Libiran shared the TikTok video, attributed to the LTO’s Central Luzon office, on her official Facebook page and thanked the agency for the “catchy, entertaining and informative video.” The video did not bear the name of the uploader.
Social media challenge
“Instead of just making it for fun, these ladies thought of adjusting the actual song in a way that can inform, using the same language of their stakeholders, primarily the drivers, commuters and millennials who are aware of the challenge. The message is—It Really Hurts Na Magmulta, Kaya Magtino Ka Sa Kalsada,” said the transport official.

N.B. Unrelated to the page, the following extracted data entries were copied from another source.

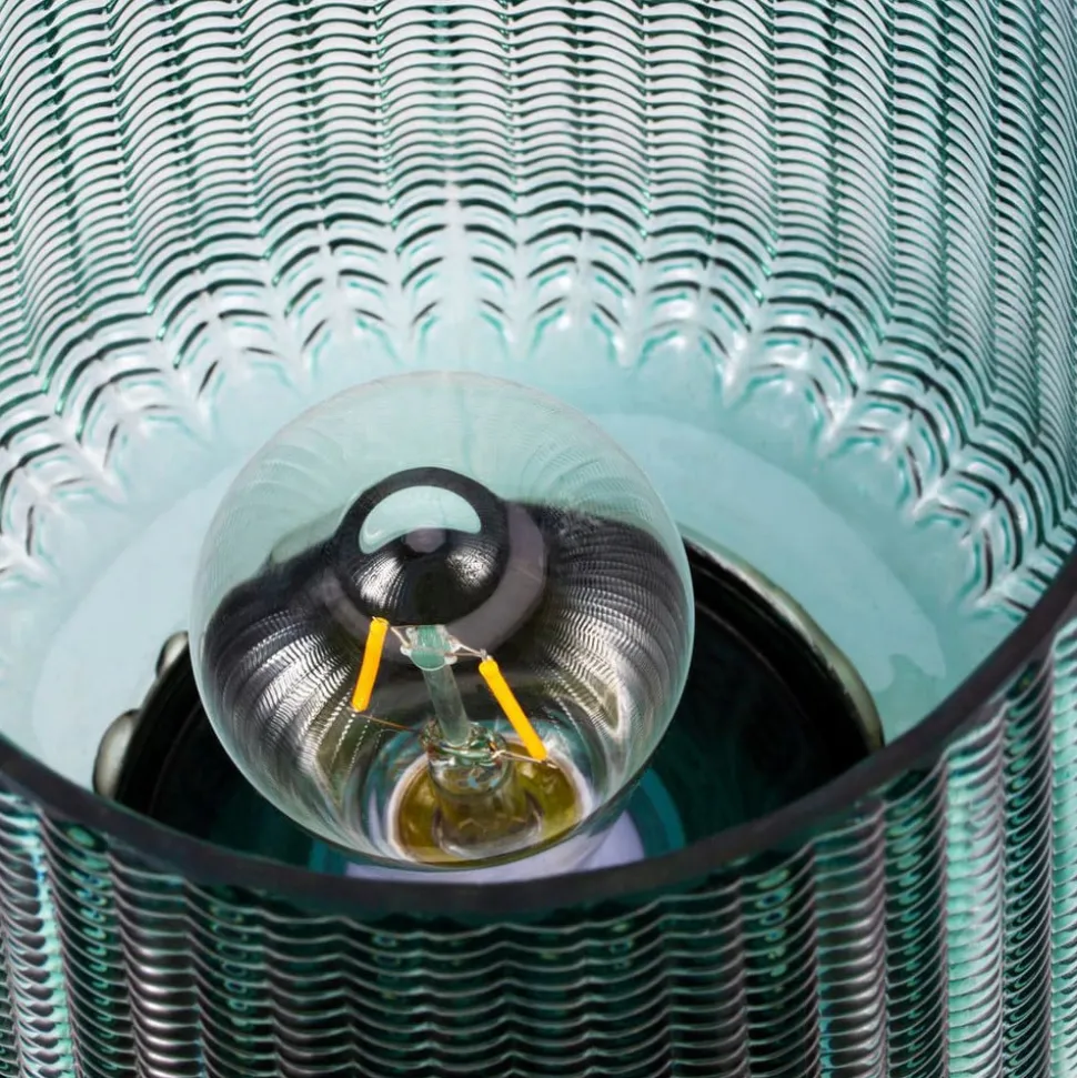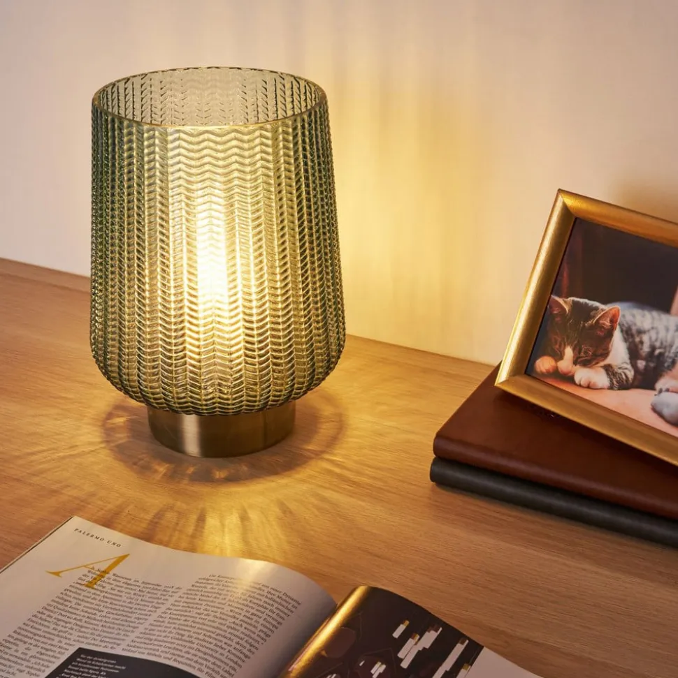 Pretty Glamour LED-bordlampe, batteridrevet Takket være batteridriften kan Pretty Glamour LED-bordlampen placeres hvor som helst, på hylder eller kommoder. Det farvede glas med gentaget mønster og den messingfarvede fod er en elegant kombination. Tekniske egenskaber – med afbryder: slukket / tændt (kontinuerlig drift) / timer (automatisk slukning efter 6 timer)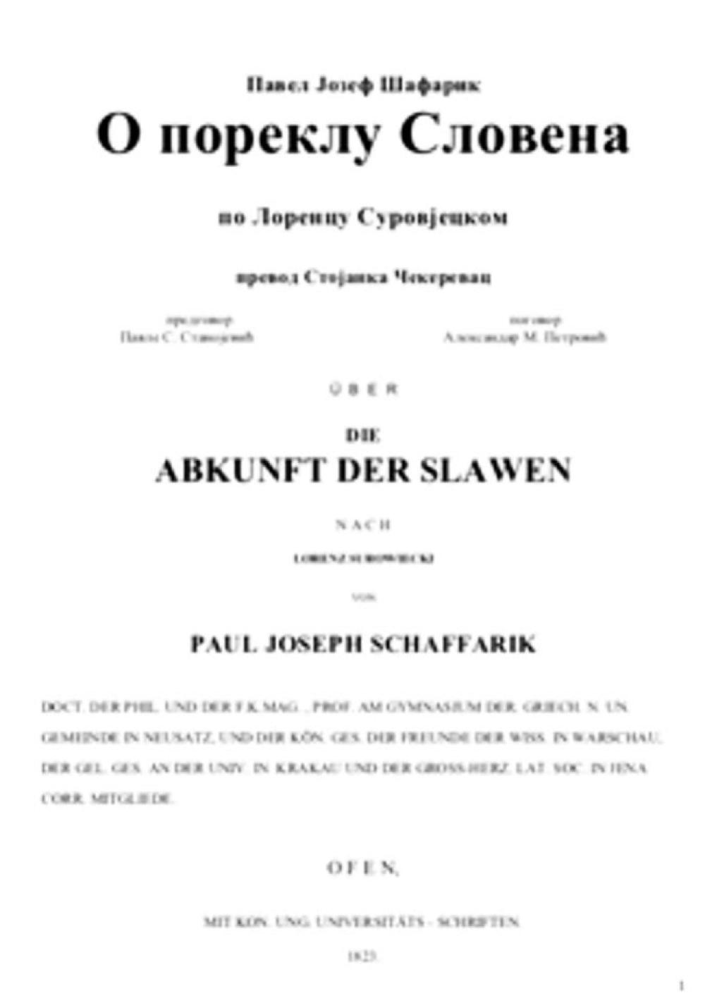 Павле Јосиф Шафарик у "Старожитностима" (I,40.) говорећи о Србима, који живе у Европи од најдавнијих времена, или - што је исто - каже он, од праисторијског доба, тврди, да један тако распрострањен народ води своје порекло од најдаље прошлости. У вези с тим, он прелази на проблем језика и каже (на истом месту), ДА СЕ СЛОВЕНСКИ ЈЕЗИК РАЗВИО САМ ОД СЕБЕ, те да носи у себи и у својим облицима (in Stoff und Form) један тако снажан печат оригиналности, а та чињеница је доказ, да су СЛОВЕНИ - У НЕКУ РУКУ САМОНИКЛИ, НЕ ПОСТАВШИ НИКАКВОМ МЕШАВИНОМ НИТИ У РАСНОМ, КАО НИ У ЈЕЗИЧКОМ СМИСЛУ, што савршено одговара Пиктеовом тврђењу о његовом "давном народу - чистом од сваке мешавине, који се - најмање 2000 година пре Христа пружао од Инда до западне Европе," а који он - упркос толикој бројности, на жалост, није успео да пронађе. Шафарикова - иначе снажна мисао - све је снажнија и уверљивија, јер је њена главна карактеристика логика, заснована на његовом великом језичком познавању. Тако, када устврди, да: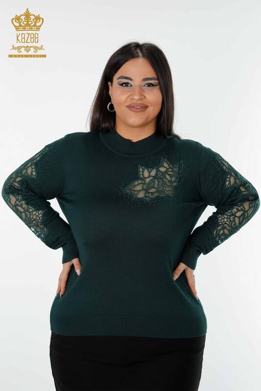 كنزة تريكو نسائية بالجملة من التول مُفصل بأحجار مُطرزة بنمط وردة أخضر داكن - 16832 | كازي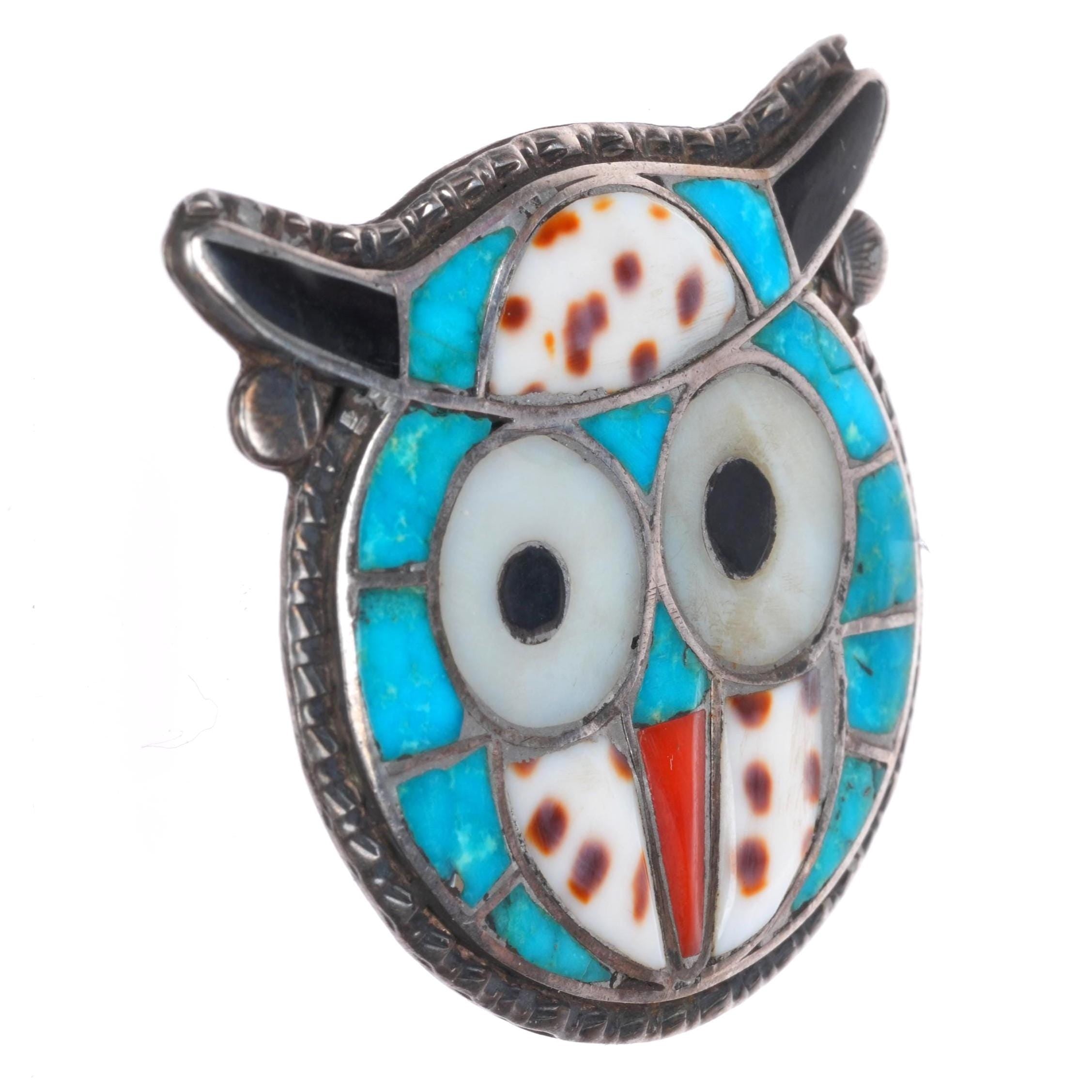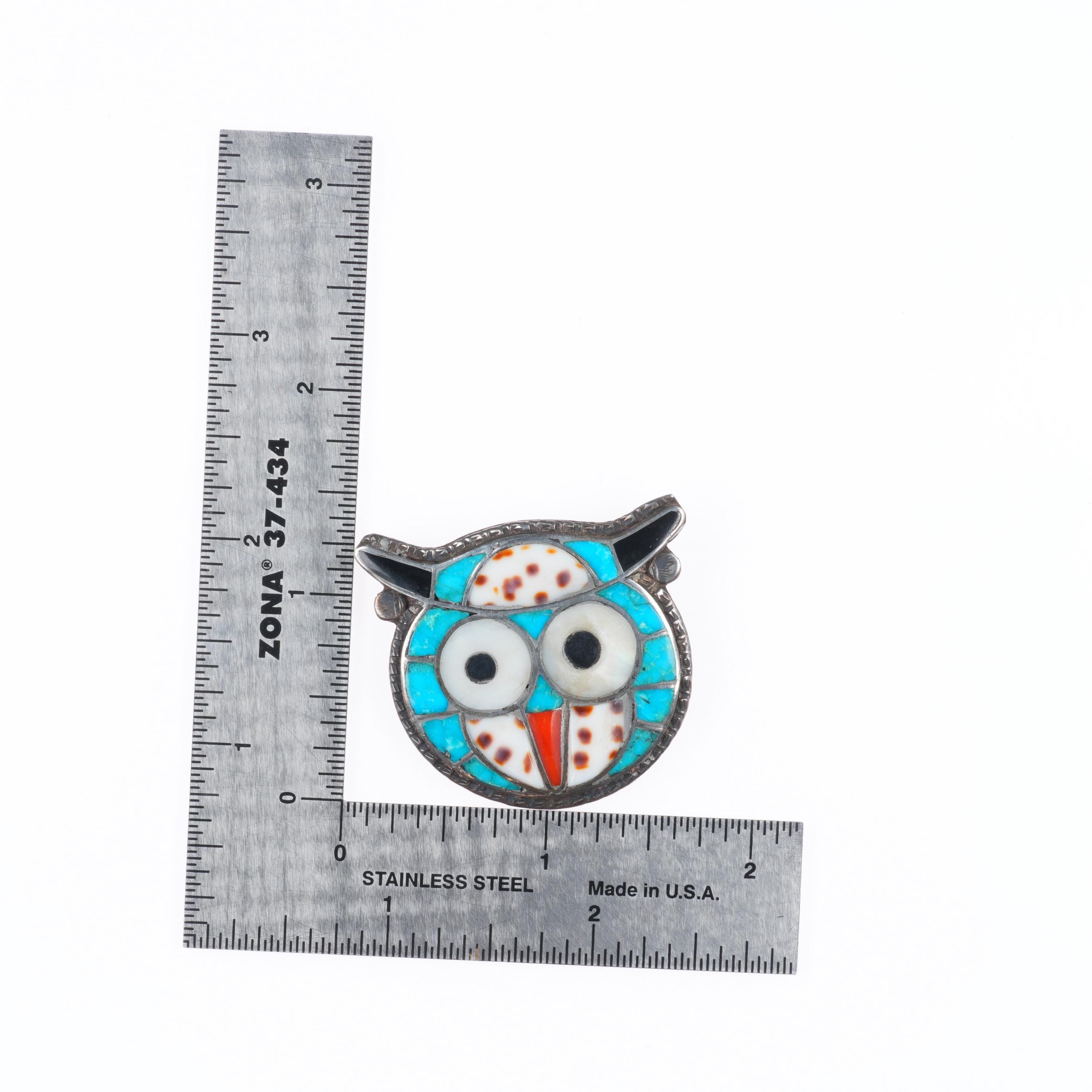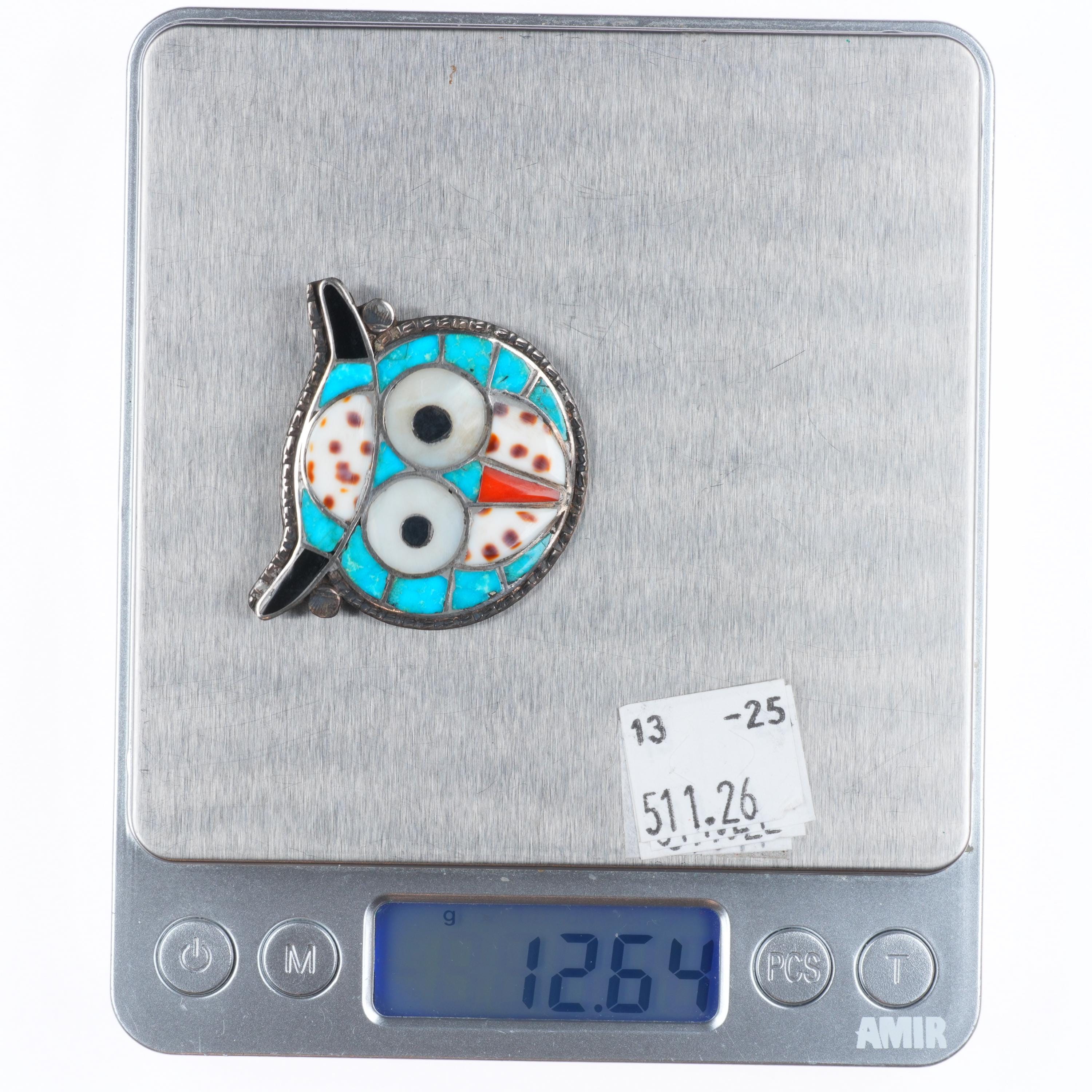 Ted Edaakie Zuni sterling silver turquoise/coral/shell inlay own pin/pendant. Solid sterling silver tested and guaranteed with weight and measurements in the pictures. No issues, Circa third quarter of the 20th century.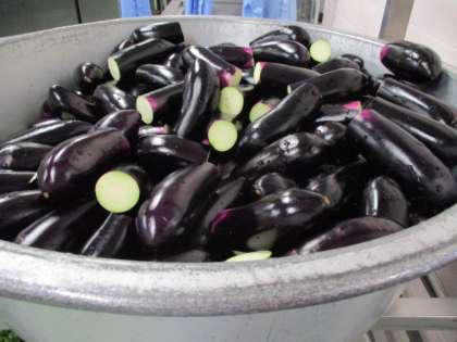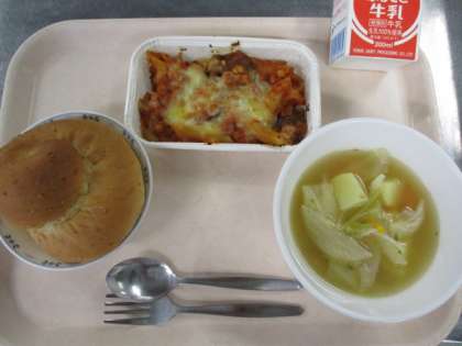 今日の朝、給食室に届いた新鮮ななすを使ってグラタンをつくりました。ミートソースにはレンズ豆も入れて栄養をアップしました。じっくり煮込んだミートソースと一緒に今が旬のなすをおいしく食べてもらいたいと思います。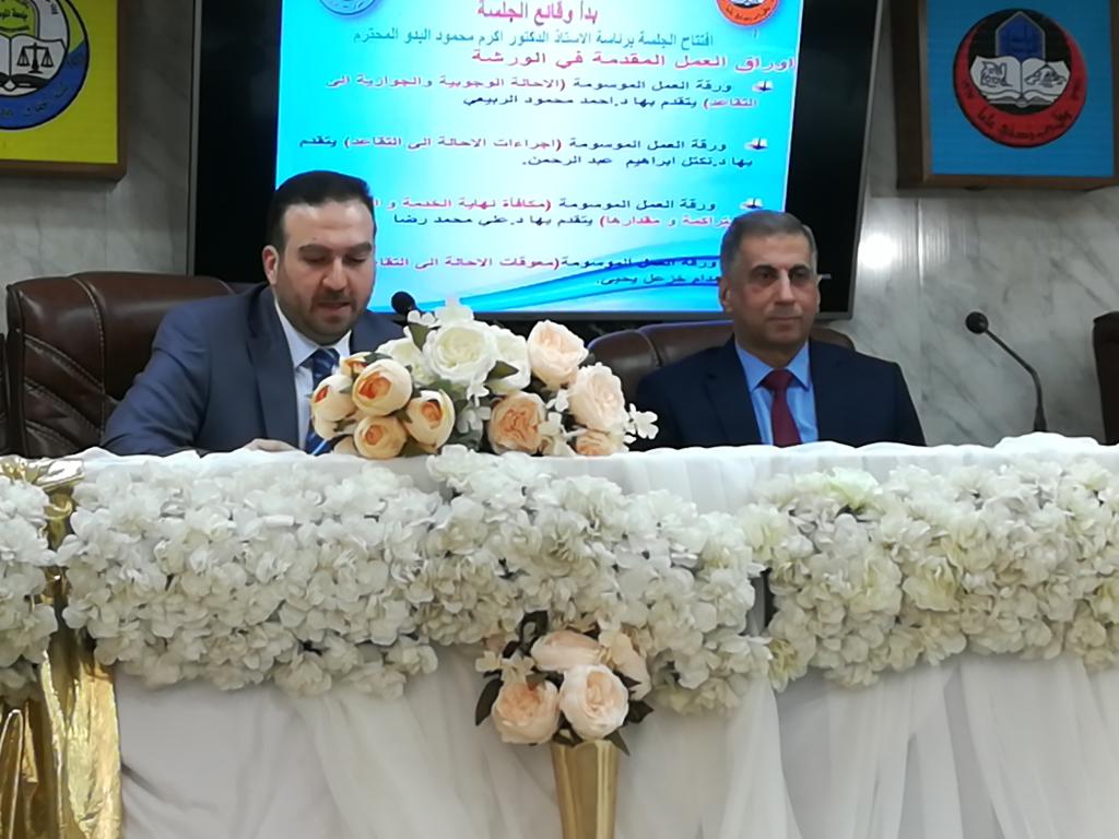 ورشة عمل بعنوان (قانون التعديل الاول لقانون التقاعد الموحد رقم 9 لسنة 2014المرقم 26 لسنة 2019بين الواقع والطموح )

She said it was part of the #itreallyhurtschallenge on social media that is widely participated by individuals and groups, including teachers, students, celebrities, news personalities and other government agencies to promote their campaigns.
The PCW said government agencies must check the content, portrayal of women, balance in representation, gender stereotyping, gender-neutral language, and social media etiquette before sharing materials for public consumption.
“We encourage government agencies to take advantage of the influence of social media responsibly through dignified portrayal of persons in their publicity materials. Gone are the days when women were being used to attract the attention of an audience, by making them dance or wear skimpy clothes or portraying them as sexual objects in events and materials where these are not even necessary,” it said.
In the move toward gender equality and women empowerment, women should be portrayed as leaders, innovators, experts, and key contributors to nation-building, it added.